▶ _Activity_: Beginning with the line of the entries below that holds "TCAD result: voltage" and ending with the line that holds "함수마법사를 사용하면 필요한 주제에 대한 함수를 빠르게 찾을 수 있고", transcribe each line exactly as written. Pictures stay out.

Segment Open

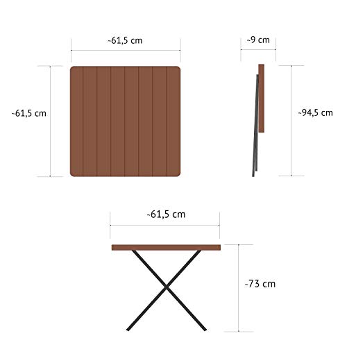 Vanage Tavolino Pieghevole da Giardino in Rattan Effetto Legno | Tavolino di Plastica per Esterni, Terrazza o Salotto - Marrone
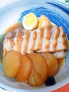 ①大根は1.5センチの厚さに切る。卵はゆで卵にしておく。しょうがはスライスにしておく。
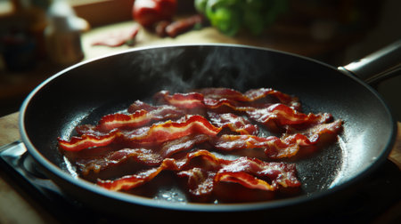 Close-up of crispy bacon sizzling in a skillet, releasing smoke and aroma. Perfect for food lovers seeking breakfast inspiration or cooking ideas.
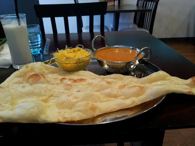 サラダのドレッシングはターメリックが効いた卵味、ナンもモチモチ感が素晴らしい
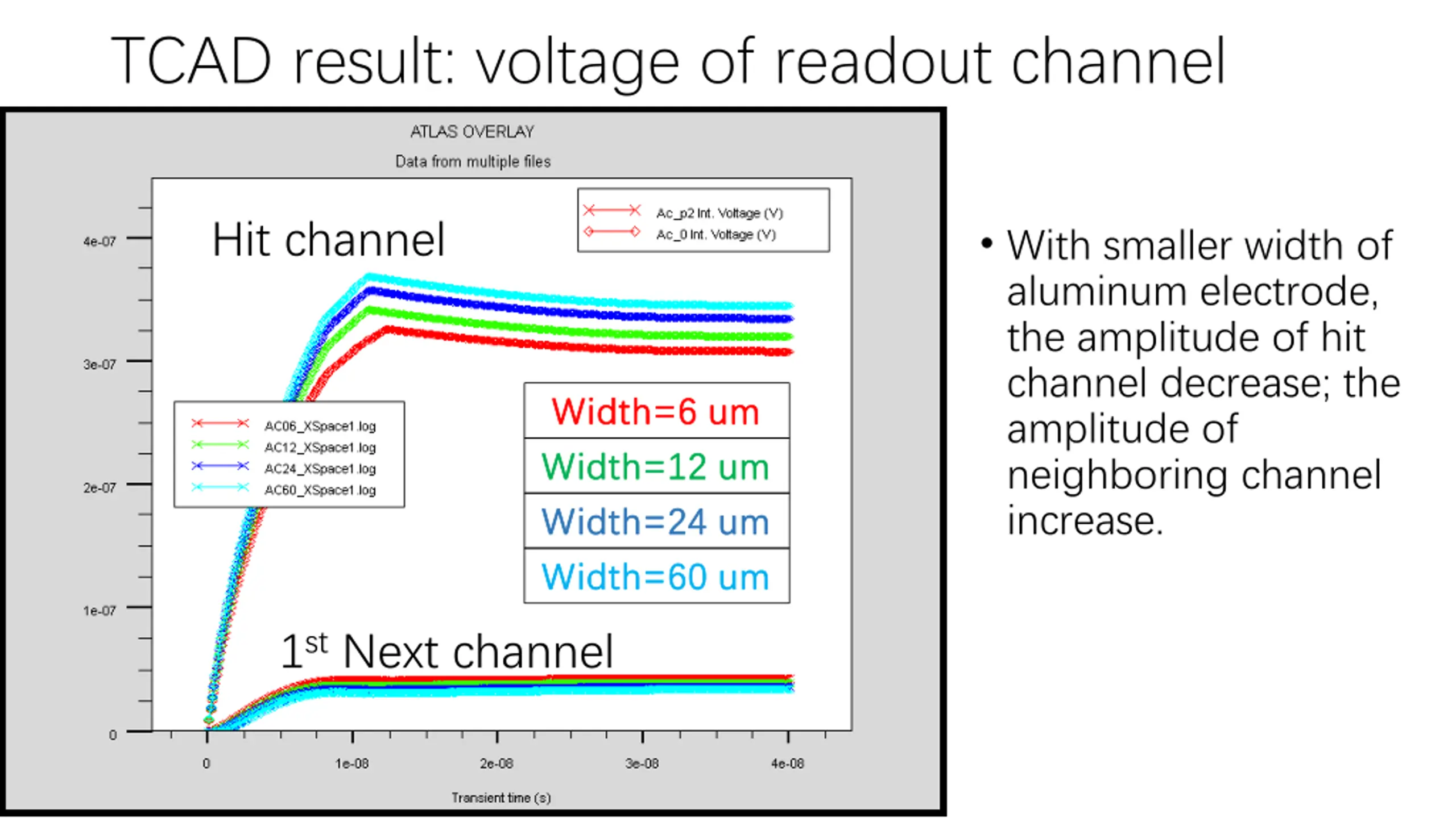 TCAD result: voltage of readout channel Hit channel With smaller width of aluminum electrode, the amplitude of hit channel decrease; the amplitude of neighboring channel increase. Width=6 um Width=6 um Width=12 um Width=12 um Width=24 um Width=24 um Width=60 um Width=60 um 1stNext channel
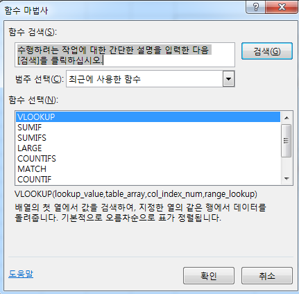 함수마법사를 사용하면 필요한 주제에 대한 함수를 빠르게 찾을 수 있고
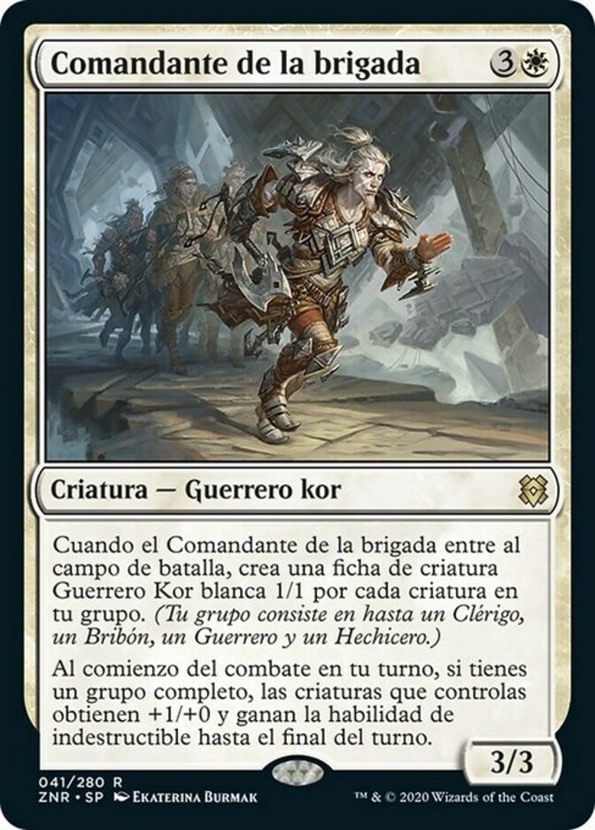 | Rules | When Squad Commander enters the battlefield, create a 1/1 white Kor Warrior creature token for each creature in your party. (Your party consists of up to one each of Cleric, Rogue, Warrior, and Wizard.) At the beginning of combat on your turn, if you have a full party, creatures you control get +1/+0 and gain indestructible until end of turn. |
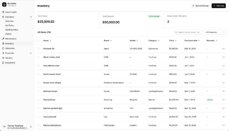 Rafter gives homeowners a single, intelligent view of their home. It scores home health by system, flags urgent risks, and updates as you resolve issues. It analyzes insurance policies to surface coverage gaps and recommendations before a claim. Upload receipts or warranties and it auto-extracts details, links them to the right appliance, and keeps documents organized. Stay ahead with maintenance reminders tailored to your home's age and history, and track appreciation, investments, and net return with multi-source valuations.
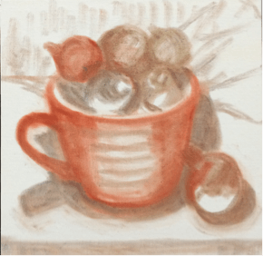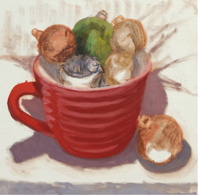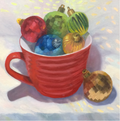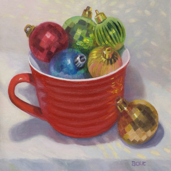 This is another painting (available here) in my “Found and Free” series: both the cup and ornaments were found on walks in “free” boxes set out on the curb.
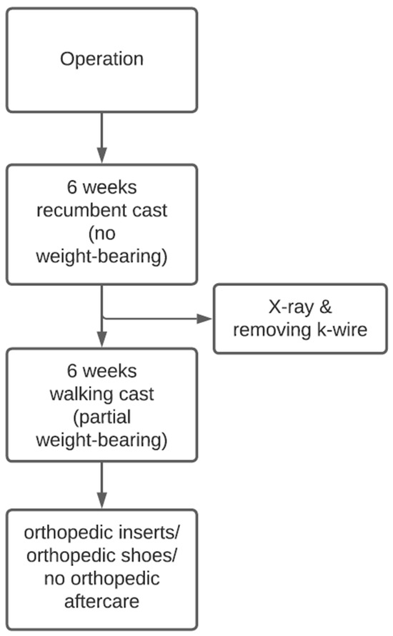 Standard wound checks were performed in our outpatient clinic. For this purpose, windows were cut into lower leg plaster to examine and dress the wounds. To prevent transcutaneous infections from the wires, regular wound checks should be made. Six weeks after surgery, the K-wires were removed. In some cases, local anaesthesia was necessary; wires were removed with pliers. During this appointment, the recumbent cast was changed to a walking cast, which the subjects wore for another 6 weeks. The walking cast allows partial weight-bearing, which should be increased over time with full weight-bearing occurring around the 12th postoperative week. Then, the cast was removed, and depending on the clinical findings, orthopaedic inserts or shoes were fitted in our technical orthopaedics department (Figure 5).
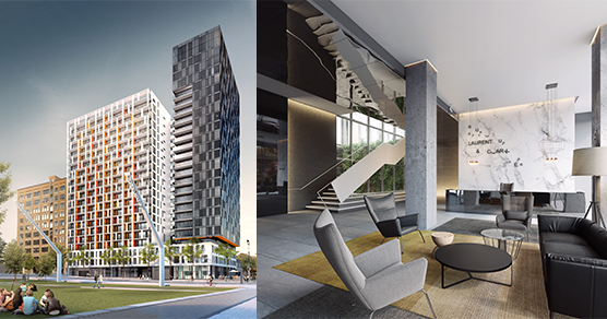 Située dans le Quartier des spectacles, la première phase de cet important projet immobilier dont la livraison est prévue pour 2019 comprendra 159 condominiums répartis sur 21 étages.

Segment Closed

▶ _Answer for this exercise_:
 TCAD result: voltage of readout channel Hit channel With smaller width of aluminum electrode, the amplitude of hit channel decrease; the amplitude of neighboring channel increase. Width=6 um Width=6 um Width=12 um Width=12 um Width=24 um Width=24 um Width=60 um Width=60 um 1stNext channel
 함수마법사를 사용하면 필요한 주제에 대한 함수를 빠르게 찾을 수 있고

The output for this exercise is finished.